An unchanged copy of all the lines below is expected, and it should contain no pictures.

• INFORMATION PROVIDED:
Content starts

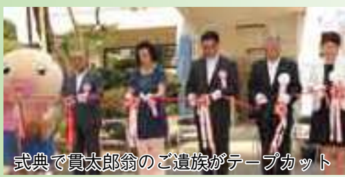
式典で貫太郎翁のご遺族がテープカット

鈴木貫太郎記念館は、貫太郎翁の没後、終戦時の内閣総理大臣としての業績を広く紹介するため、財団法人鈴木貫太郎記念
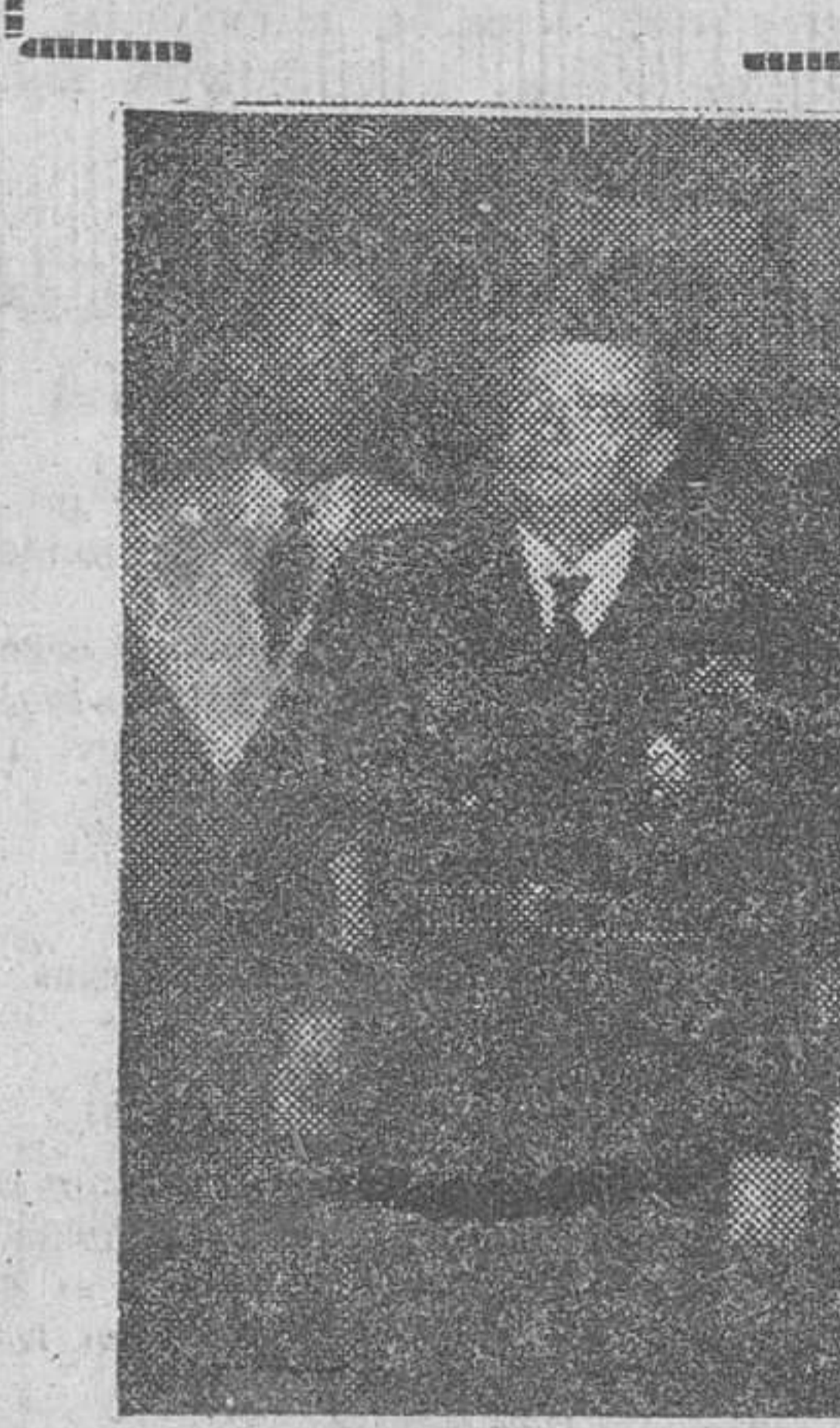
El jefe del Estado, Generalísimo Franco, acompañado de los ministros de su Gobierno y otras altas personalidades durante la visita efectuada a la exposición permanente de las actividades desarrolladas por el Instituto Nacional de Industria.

Content ends

• ANSWER FOR THE TASK:
式典で貫太郎翁のご遺族がテープカット

鈴木貫太郎記念館は、貫太郎翁の没後、終戦時の内閣総理大臣としての業績を広く紹介するため、財団法人鈴木貫太郎記念
El jefe del Estado, Generalísimo Franco, acompañado de los ministros de su Gobierno y otras altas personalidades durante la visita efectuada a la exposición permanente de las actividades desarrolladas por el Instituto Nacional de Industria.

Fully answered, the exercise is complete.